The Hebrew Bible opens with "In the beginning, God created the heavens and the earth" (Genesis 1:1). Targum Onkelos, the authoritative Aramaic translation read alongside the Torah in ancient synagogues, renders this passage with remarkable fidelity. But with subtle shifts that reveal a distinct theological program.

Where the Hebrew says God's ruach (spirit/wind) "hovered" over the waters, Onkelos translates it as a "breath from before Elohim" that "blew" across the surface. That single word, "from before", introduces a buffer between God and the physical world. God does not hover. Something from God acts upon creation. This is Onkelos's signature move: protecting divine transcendence at every turn.

The creation account proceeds through six days with few surprises.
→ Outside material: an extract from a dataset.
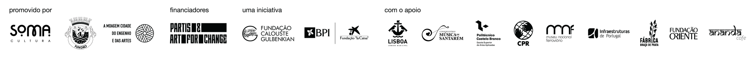 Parceiros: Infraestruturas de Portugal, Museu Nacional Ferroviário, Conservatório de Música de Santarém, ESART (Escola Superior de Artes Aplicadas, Castelo Branco), Centro Português de Refugiados (CPR), Agência para a Integração, Migrações e Asilo (AIMA), Alix Didier Sarrouy (Sociólogo das Artes – NOVA.FCSH), Fundação Oriente / Ananda Café Fundão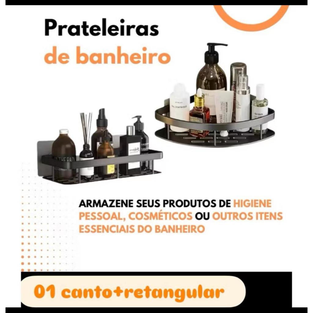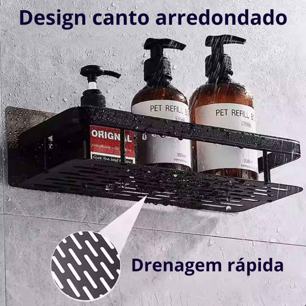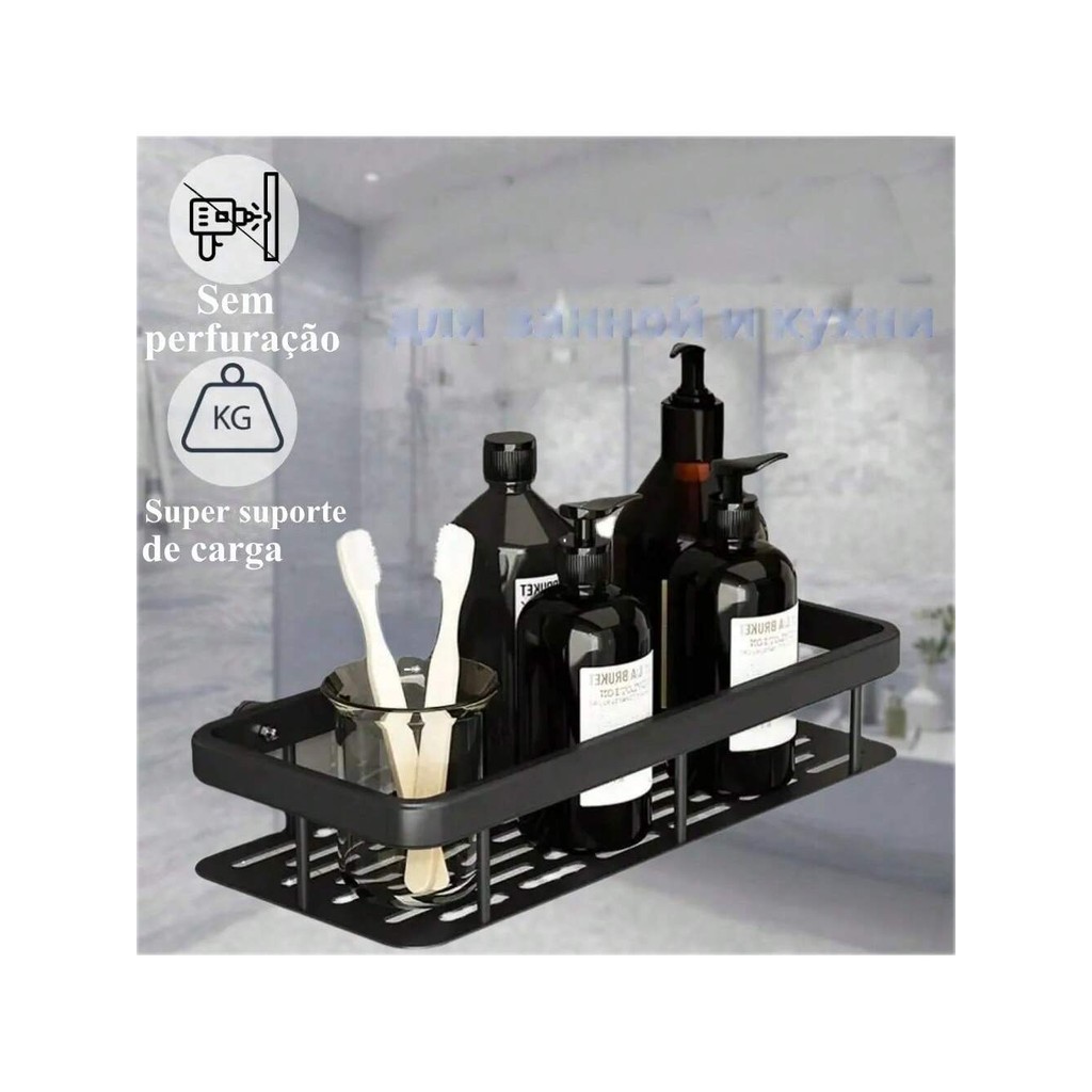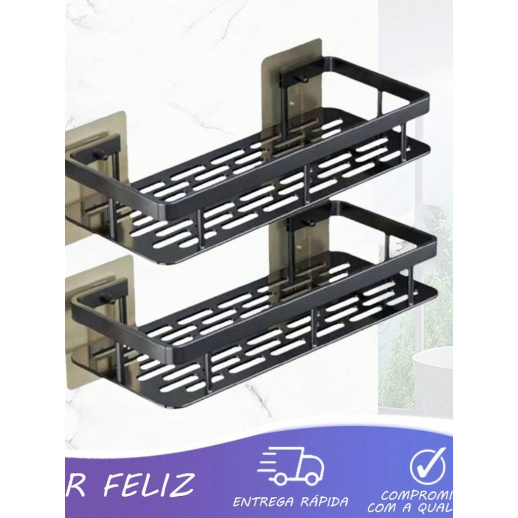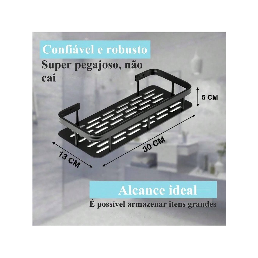 KIT SUPORTE PRATELEIRA ORGANIZADOR DE ALUMINIO RETANGULAR PRETO

Onkelos calls the firmament a "canopy" (raki'a), renders "great sea creatures" as "great whales," and stays close to the Hebrew throughout. But when the text reaches humanity, Onkelos makes a critical choice. "Let us make man in our image", a verse that troubled ancient rabbis because of its plural. Onkelos preserves without alteration.

The real theological statement comes in what Onkelos does not change. He does not soften the plural. He does not add "angels" as an explanation. He lets the mystery stand, trusting that the monotheistic framework of the entire Torah provides sufficient context. For Onkelos, fidelity to the text is itself a form of interpretation.